It gives a very small (negative) value because the number of samples (1000) is still very low to get a good autocorrelation for large lag. It is assumed that after the second or third root, the autocorrelation is zero. So, we change the limits of integration:

In [None]:
T = integrate.trapezoid(autocorr[0:50,1],autocorr[0:50,0])

In [None]:
T

This method has the inconvenient that there is not the lag 0. It should be included in the very first point.

Alternatively, the statistic models package provides a better way to estimate autocorrelation, even with the option of choosing the number of lags for the computation.

In [None]:
import statsmodels.api as sm

In [None]:
rho = sm.tsa.acf(uPrime,nlags=50,fft=False)
rho

In [None]:
import statsmodels.graphics.api as smg

In [None]:
smg.tsa.plot_acf(autocorr[:,1],lags=200,fft=False)

The computation of the integral time is more accurate because of the 0-lag point.

In [None]:
T = integrate.trapezoid(rho[0:50],autocorr[0:50,0])
T

## Histogram and PDF

PDF is the Probability Density Function.
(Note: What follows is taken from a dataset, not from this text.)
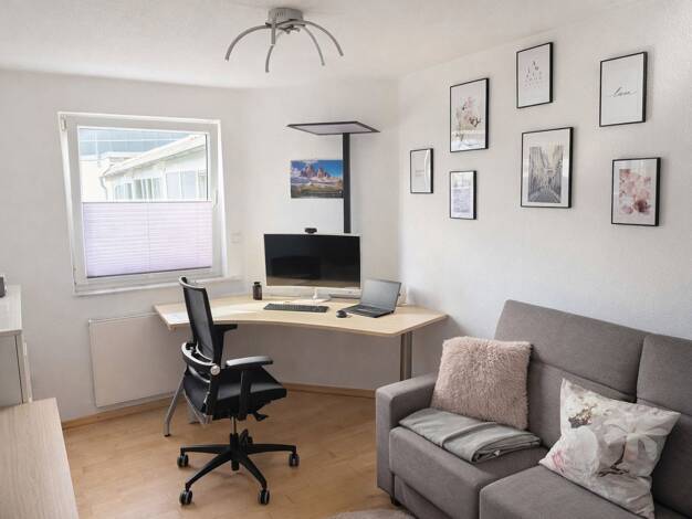 Objektbeschreibung: Diese charmante und voll möblierte 5-Zimmer-Maisonette-Dachgeschosswohnung bietet auf insgesamt 95 m² modernen Wohnkomfort in bester Lage. Der offene Grundriss und die moderne Einbauküche schaffen eine angenehme Wohnatmosphäre. Die Balkon-Terasse lädt zum Entspannen ein und bietet einen herrlichen Blick auf einen sehr gepflegten grünen Garten. Die hellen und komplett neuen Badezimmer überzeugen mit einer hochwertigen Ausstattung. Dank der Möblierung kannst du sofort einziehe...

It defines the probability of an event between to values. For example, if the pdf of our velocity fluctuation is  $f(x)$, then the probability that a value of the fluctuation lies between $u'_1$ and $u'_2$ is 

$$ P\left(u'_1 < u' < u'_2\right) = \int_{u'_1}^{u'_2} f(x) dx $$ 

In [None]:
import scipy.stats as stats

In [None]:
X = stats.norm(0,1)

In [None]:
X_samples= X.rvs(100)

In [None]:
F, bins, patches = plt.hist(uPrime,bins=100,density=True) # Integral = 1

Since we have included the option `density=True`, the integral (moment of order 0) of this PDF is 1.

$$ M_0 = \int_{-\infty}^{+\infty} f(u') du' = 1 $$

In [None]:
deltaUPrime = np.diff(bins) 

In [None]:
M0 = np.sum(F*deltaUPrime)
M0

The moment of order 1 is the average of the samples, that should be 0

$$ M_1 = \overline{u'} = \int_{-\infty}^{+\infty} u' f(u') du' = 0 $$

In [None]:
UPrimePDF = bins[:-1] + deltaUPrime/2

In [None]:
M1 = np.sum(UPrimePDF*F*deltaUPrime)
M1

The moment of order 2 is the variance of the samples, that should be the square of the standard deviation given by pandas before...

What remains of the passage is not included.